Detailed descriptions of these tools follow in later sections.

While analyzing the malicious files, we noticed a frequently reused decryption algorithm that let us link the files to a single campaign. The algorithm resembles a heavily modified rol13. It's named RolMod13: unlike rol13, it applies an XOR key and an index dependent shift. The algorithm is as follows:

The algorithm for unpacking and loading code into memory is as follows:

1. First, strings are decrypted with the algorithm above. For clarity, we show the result of decryption here.

The fnStrDecrypt function receives a pointer to the encrypted byte array, its length, and a DWORD XOR key.
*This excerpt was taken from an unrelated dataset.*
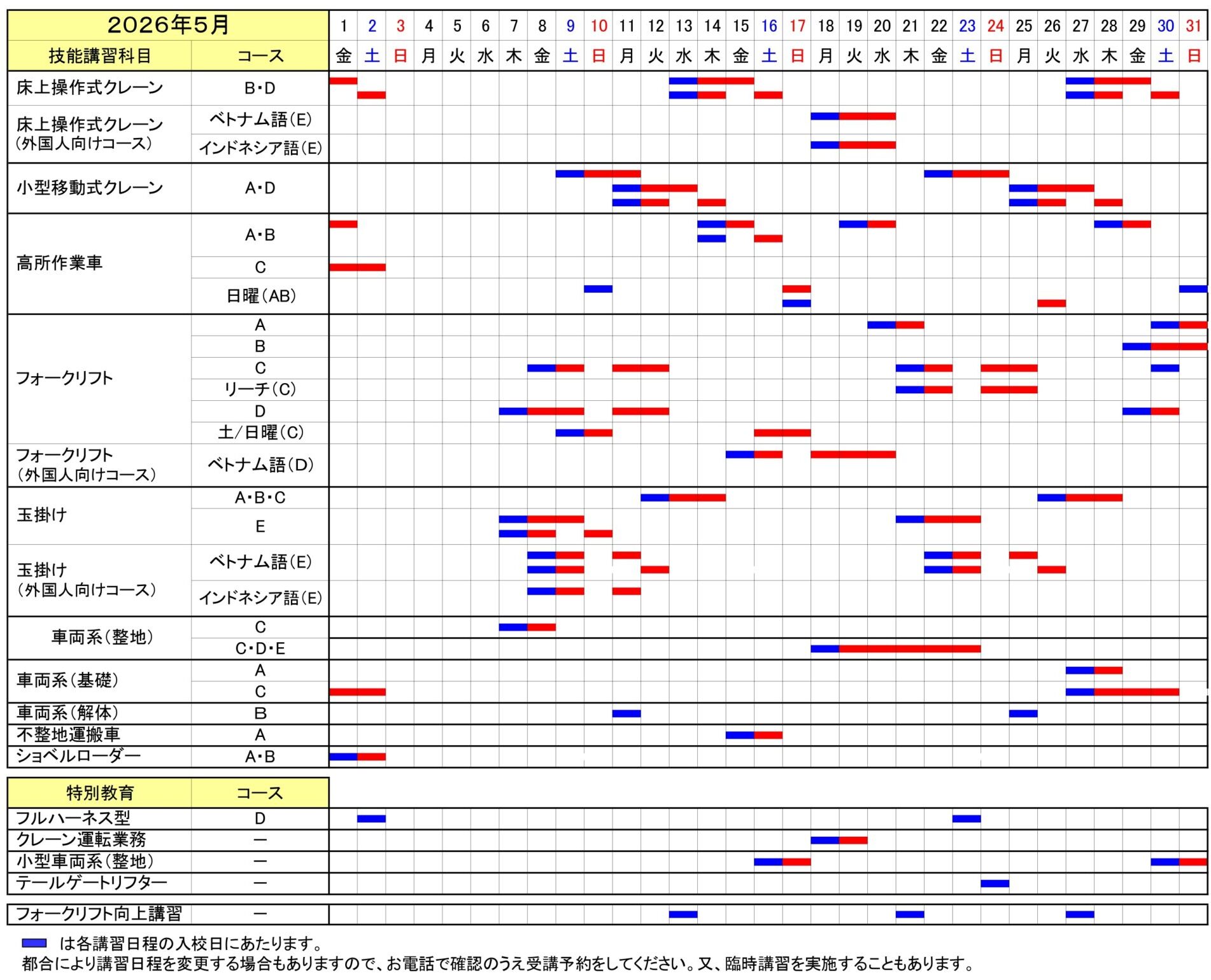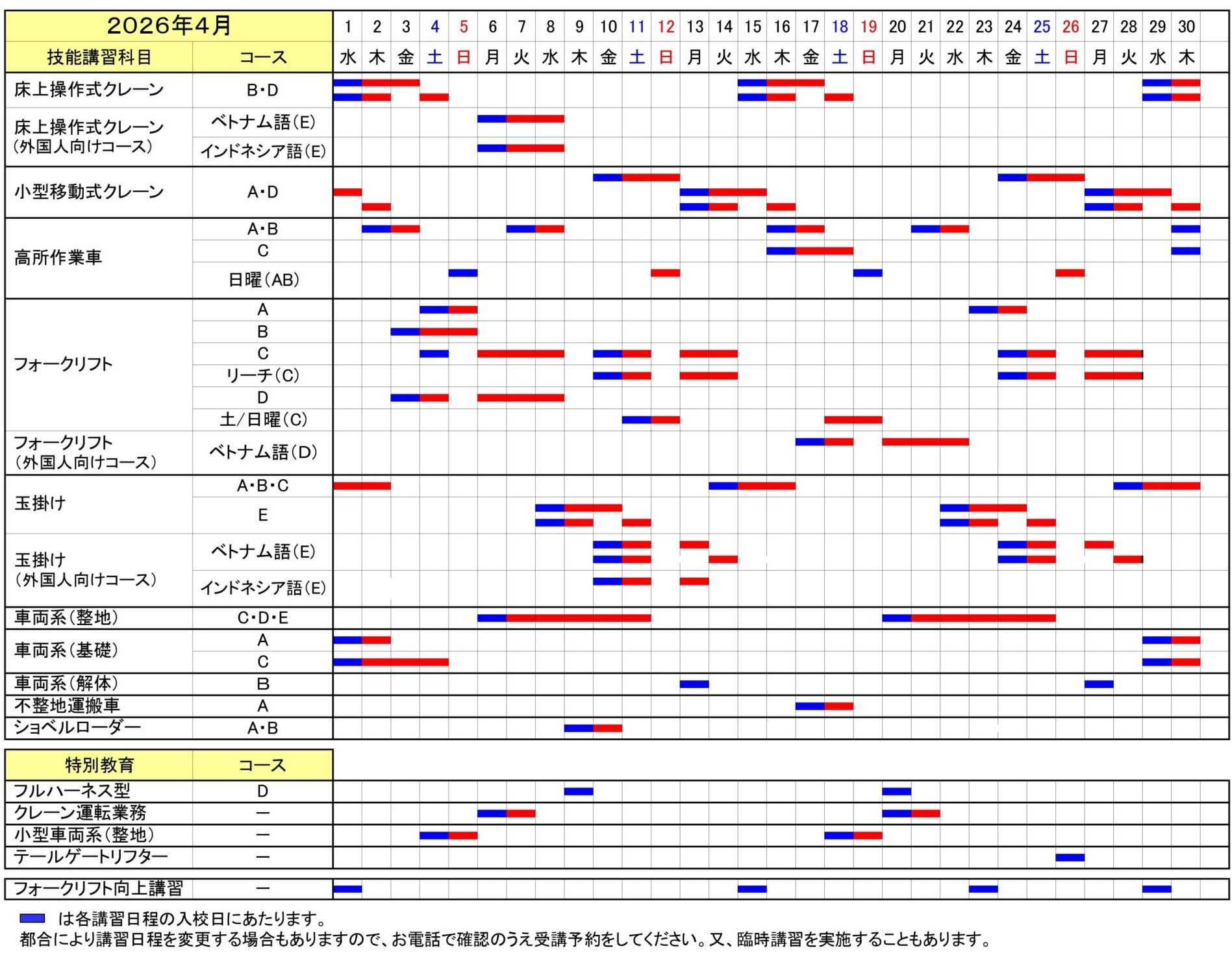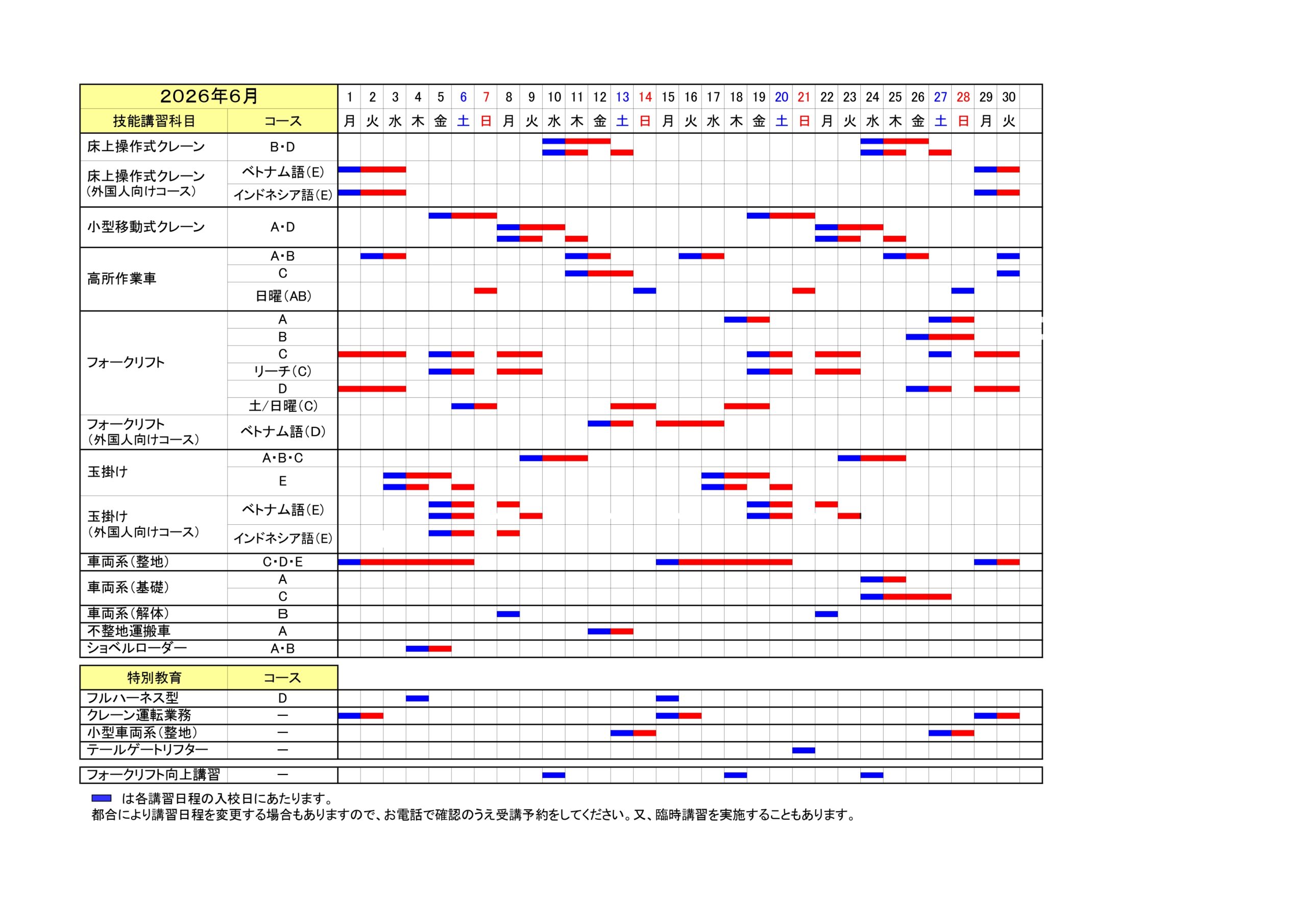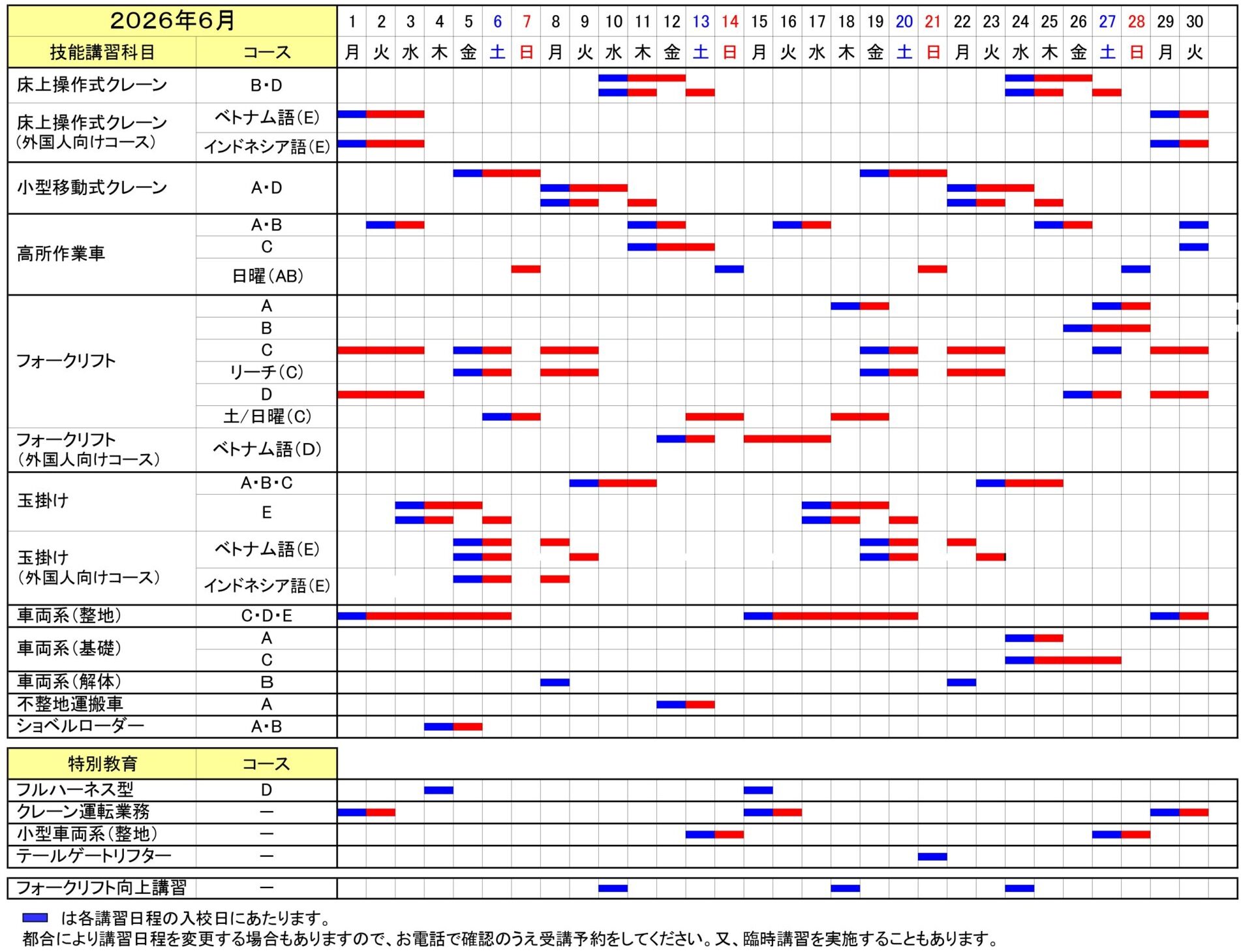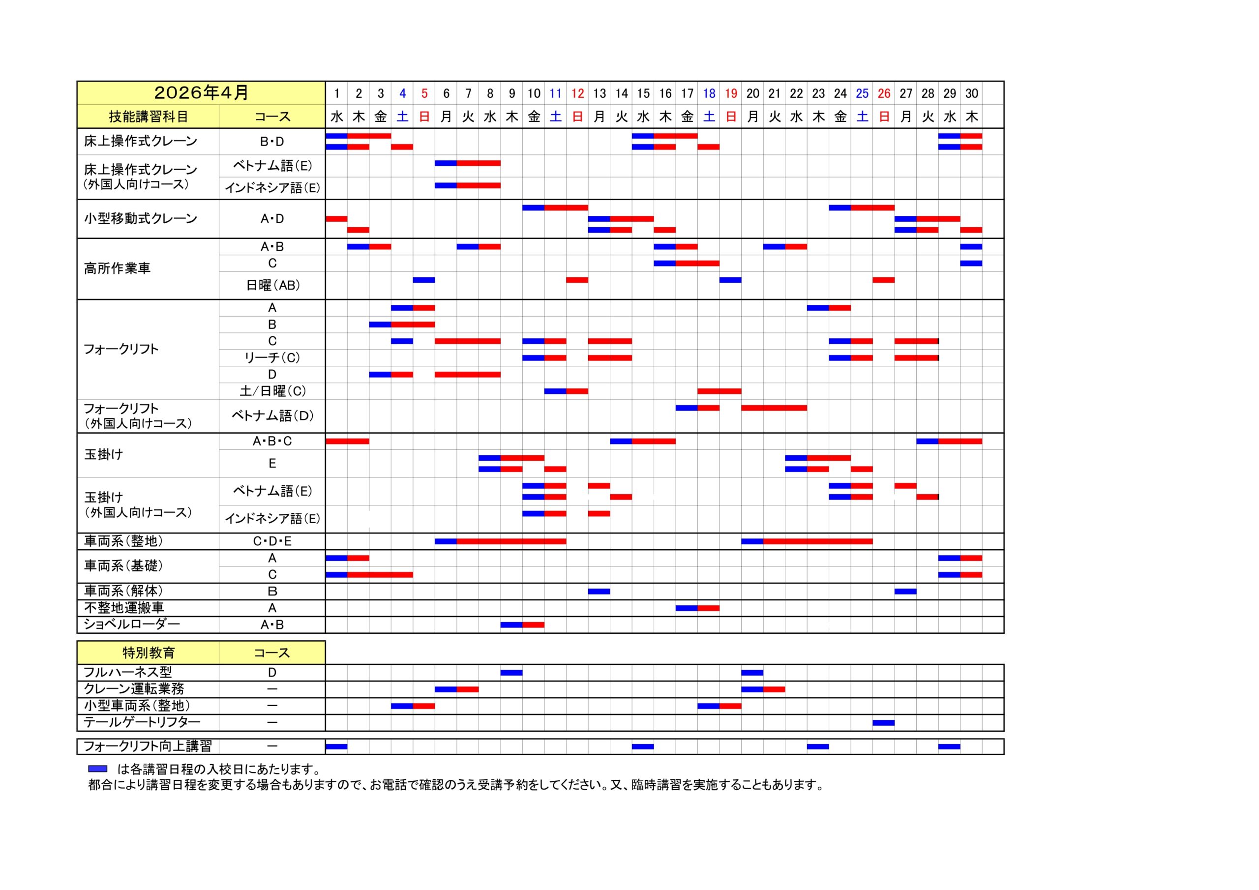 講習日程表

2. Next, the malware checks the current process's run command. If it doesn't match the string in configuration, the malware relaunches itself with the specified environment and command line via execve, and the current process stops. The original command interpreter is left unchanged. In our example, the process is started with the /usr/sbin/rsyslogd -n -iNONE parameters and the environment with PATH=/sbin:/bin:/usr/sbin:/usr/bin.

3. After validation, the payload is decrypted with the RolMod13 algorithm and loaded directly into memory while preserving the original arguments and environment variables. The decrypted payload is an ELF file with statically linked libraries.

Sauropsida is a rootkit based on the open source Linux project Reptile. It comprises a usermode component and a kernel module. The tool enables remote control of the system and hides the attacker's presence. Functionally, it differs little from the original version. Based on embedded strings in the malware and the SAU prefix in log messages, we infer the attackers named the sample Sauropsida (Latin for "reptile").

The sample was delivered packed with a modified UPX. In this case, the classic bytes 55 50 58 21 were replaced with A1 D8 D0 D5.

The usermode part is multifunctional. Depending on the command line arguments (or lack thereof), it can act as a rootkit loader, a reverse shell, or a connector to control the rootkit. On first launch, if run as root and with no arguments, it decrypts the kernel module using the RolMod13 algorithm and loads the module via syscall init_module. It passes the following parameter string:

Here, the first parameter is the path to the Sauropsida executable, and the second is the address of the kallsyms_lookup_name function.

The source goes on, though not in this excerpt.